Source data:
========================
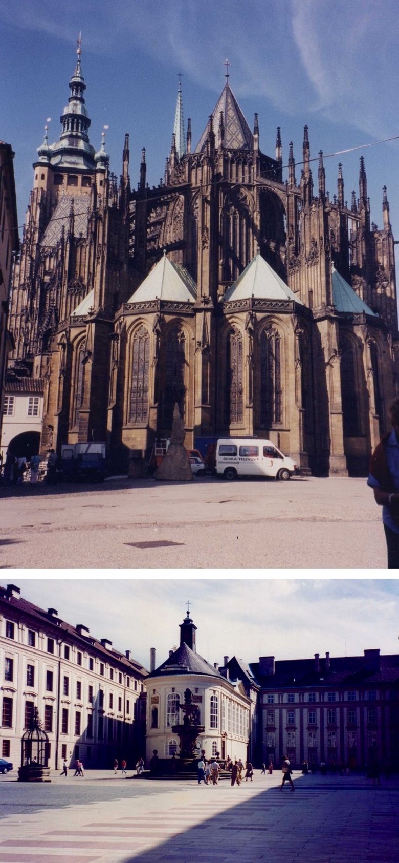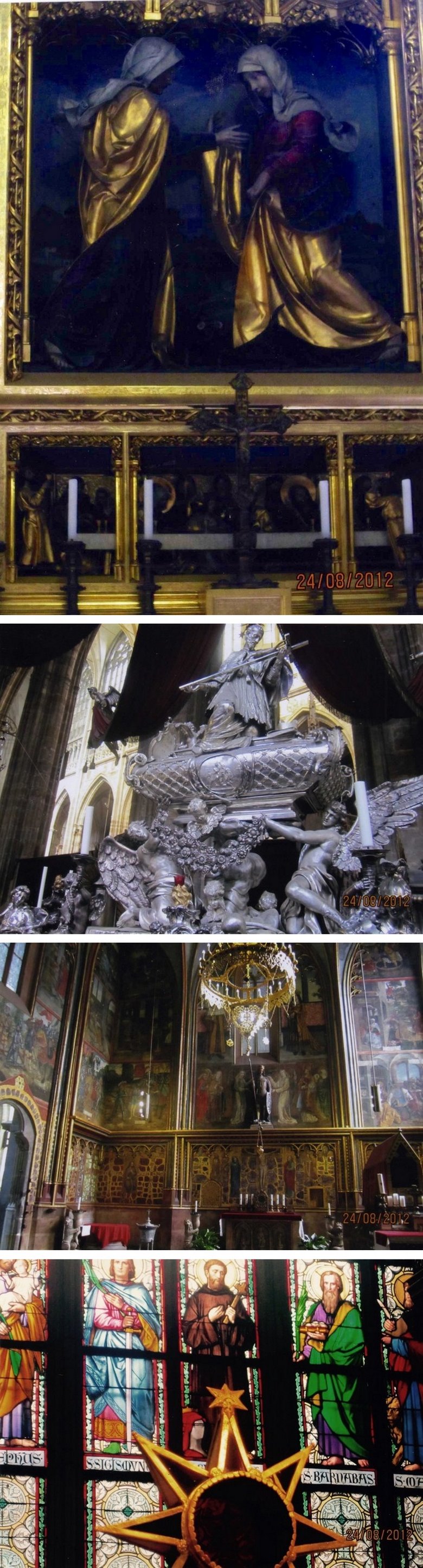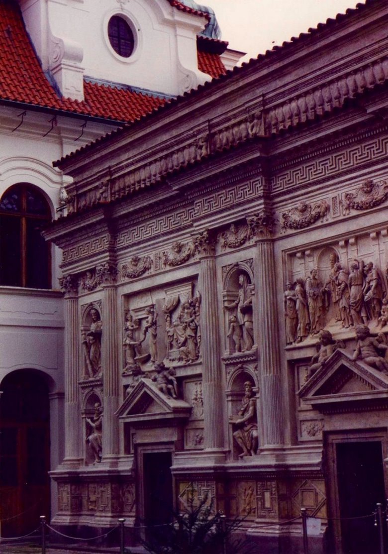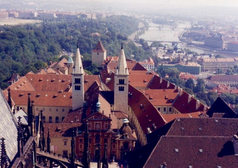 En el segundo patio puede visitarse la Capilla de la santa Cruz que guarda el tesoro cardenalicio. Contiene piezas de gran valor histórico y artístico que comienzan con el príncipe Wenceslao y culmina con el emperador Carlos V. También se observa un conglomerado de construcciones dispuestas con gracia y simetría, pasándose luego al tercer patio donde se destaca la imponente presencia de la Catedral de San Vito, la iglesia barroca más importante de Praga. Aquí están enterrados los reyes y emperadores que gobernaron el reino y se guarda el tesoro real. La obra comenzó bajo el reinado de Carlos IV, el gran constructor y siguió evolucionando hasta terminarse recién en el 1929, casi 600 años después de su comienzo. El frente de la Iglesia es una filigrana, con un rosetón en su parte media, de unos 10 metros de diámetro, con escenas de la creación del mundo; por debajo, luce una bella puerta de bronce donde se tallaron exquisitos bajorrelieves. En ambos lados surgen hacia el cielo, dos torres aguzadas, decoradas con las estatuas de distintos santos. El conjunto, difícil de apreciar por sus dimensiones, produce un impacto estético extraordinario. Y sus paredes laterales no son menos atractivas; la que da al este, hacia la fuente de San Jorge, muestra ventanas almendradas en paredes de mármol recubiertas por rejas bañadas en oro que refulgen con la luz del sol mañanero. Sobre ellas brilla la letra R que se corresponde con el rey Rodolfo II Escudos y mosaicos coloridos confieren al conjunto un equilibrio y encanto singular, rodeando a su torre principal, que se ubica sobre el crucero y que se eleva unos 100 metros hacia ese cielo azul que en mis visitas lucía inmaculado. La tentación de subirla fue insuperable y por dos veces transcurrí sus 293 escalones hasta el mirador superior, previo pago de la entrada, desde donde pude disfrutar de la vista insuperable de estos pulidos techos rojos de la Mala Strana, la silueta inconfundible de San Nicolás y más allá, la cinta plateada del moldava, sus puentes y la ciudad vieja con las agudas torres de sus incontables iglesias entre las que sobresale la extraordinaria Teyn.
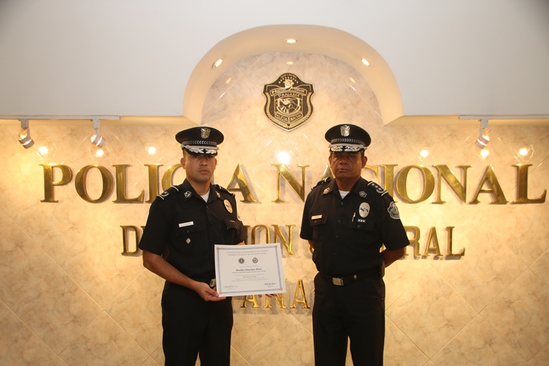 El mayor Basilio Sánchez Díaz, de la Dirección Nacional de Responsabilidad Profesional (PRP) de la Policía Nacional, culminó exitosamente el curso de Liderazgo dictado en la Academia Nacional de FBI en Quántico Virginia, Estados Unidos. El curso que tuvo una duración de 10 semanas inició el 11 de enero hasta el 18 de marzo del 2016, con el objetivo de formar líderes en las instituciones de seguridad, por lo que contó con 230 oficiales de la región. Los participantes tuvieron la oportunidad de ampliar los conocimientos de diferentes temas que fueron desarrollados en siete materias encaminadas en el liderazgo. El Secretario General de la Policía Nacional, Cristóbal Rivera, recibió en su despacho al mayo Sánchez, felicitándolo por esta experiencia académica, la cual será de apoyo en la labor que realiza la institución. |
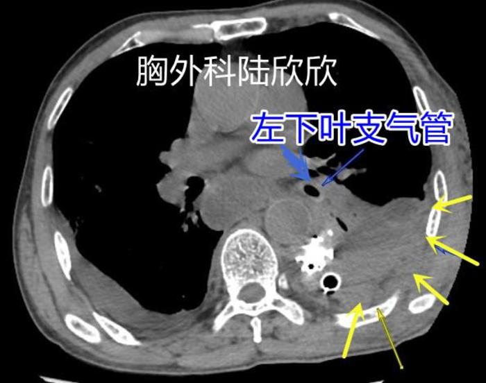 上图为图6。为术后第九天的CT。可见两个蓝色箭头指示的是左下叶支气管,再往下支气管就被堵死了。黄色箭头指示的是肺不张。
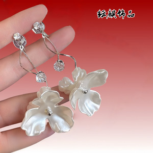 2025法式玉兰花朵长款耳环女夏天高级感轻奢度假风耳坠小众设计
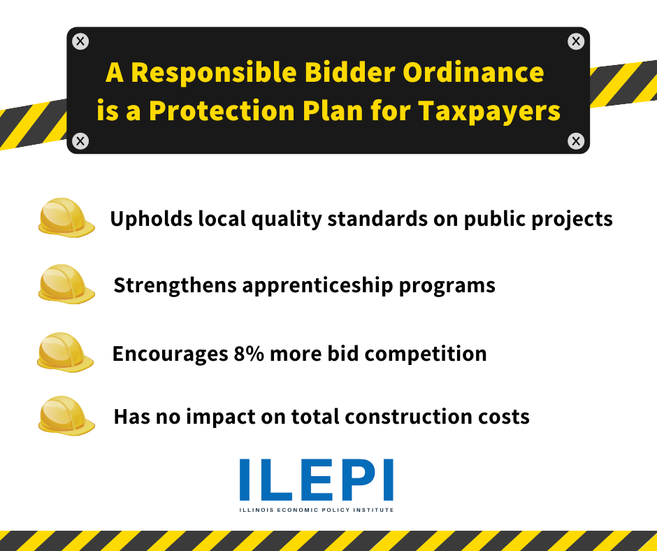 La Grange: An Illinois Economic Policy Institute (ILEPI) study of more than 1,200 public works projects in Illinois and Indiana finds that local responsible bidder ordinances (RBOs) boost bid competition by 8% and strengthen apprenticeship programs, without increasing public construction costs.
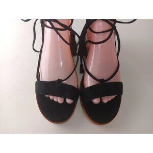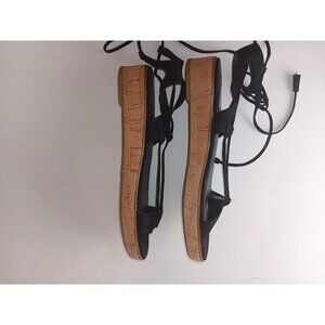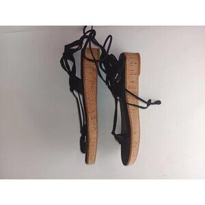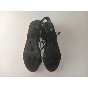 Frye Sandals Women 8M Miranda Shoes Black Leather Gladiator Ankle Strap Wedge
========================
• _ACTIVITY_: All of the records above are to be written out exactly, minus their images.

• _RESULT_:
 En el segundo patio puede visitarse la Capilla de la santa Cruz que guarda el tesoro cardenalicio. Contiene piezas de gran valor histórico y artístico que comienzan con el príncipe Wenceslao y culmina con el emperador Carlos V. También se observa un conglomerado de construcciones dispuestas con gracia y simetría, pasándose luego al tercer patio donde se destaca la imponente presencia de la Catedral de San Vito, la iglesia barroca más importante de Praga. Aquí están enterrados los reyes y emperadores que gobernaron el reino y se guarda el tesoro real. La obra comenzó bajo el reinado de Carlos IV, el gran constructor y siguió evolucionando hasta terminarse recién en el 1929, casi 600 años después de su comienzo. El frente de la Iglesia es una filigrana, con un rosetón en su parte media, de unos 10 metros de diámetro, con escenas de la creación del mundo; por debajo, luce una bella puerta de bronce donde se tallaron exquisitos bajorrelieves. En ambos lados surgen hacia el cielo, dos torres aguzadas, decoradas con las estatuas de distintos santos. El conjunto, difícil de apreciar por sus dimensiones, produce un impacto estético extraordinario. Y sus paredes laterales no son menos atractivas; la que da al este, hacia la fuente de San Jorge, muestra ventanas almendradas en paredes de mármol recubiertas por rejas bañadas en oro que refulgen con la luz del sol mañanero. Sobre ellas brilla la letra R que se corresponde con el rey Rodolfo II Escudos y mosaicos coloridos confieren al conjunto un equilibrio y encanto singular, rodeando a su torre principal, que se ubica sobre el crucero y que se eleva unos 100 metros hacia ese cielo azul que en mis visitas lucía inmaculado. La tentación de subirla fue insuperable y por dos veces transcurrí sus 293 escalones hasta el mirador superior, previo pago de la entrada, desde donde pude disfrutar de la vista insuperable de estos pulidos techos rojos de la Mala Strana, la silueta inconfundible de San Nicolás y más allá, la cinta plateada del moldava, sus puentes y la ciudad vieja con las agudas torres de sus incontables iglesias entre las que sobresale la extraordinaria Teyn.
 El mayor Basilio Sánchez Díaz, de la Dirección Nacional de Responsabilidad Profesional (PRP) de la Policía Nacional, culminó exitosamente el curso de Liderazgo dictado en la Academia Nacional de FBI en Quántico Virginia, Estados Unidos. El curso que tuvo una duración de 10 semanas inició el 11 de enero hasta el 18 de marzo del 2016, con el objetivo de formar líderes en las instituciones de seguridad, por lo que contó con 230 oficiales de la región. Los participantes tuvieron la oportunidad de ampliar los conocimientos de diferentes temas que fueron desarrollados en siete materias encaminadas en el liderazgo. El Secretario General de la Policía Nacional, Cristóbal Rivera, recibió en su despacho al mayo Sánchez, felicitándolo por esta experiencia académica, la cual será de apoyo en la labor que realiza la institución. |
 上图为图6。为术后第九天的CT。可见两个蓝色箭头指示的是左下叶支气管,再往下支气管就被堵死了。黄色箭头指示的是肺不张。
 2025法式玉兰花朵长款耳环女夏天高级感轻奢度假风耳坠小众设计
 La Grange: An Illinois Economic Policy Institute (ILEPI) study of more than 1,200 public works projects in Illinois and Indiana finds that local responsible bidder ordinances (RBOs) boost bid competition by 8% and strengthen apprenticeship programs, without increasing public construction costs.
 Frye Sandals Women 8M Miranda Shoes Black Leather Gladiator Ankle Strap Wedge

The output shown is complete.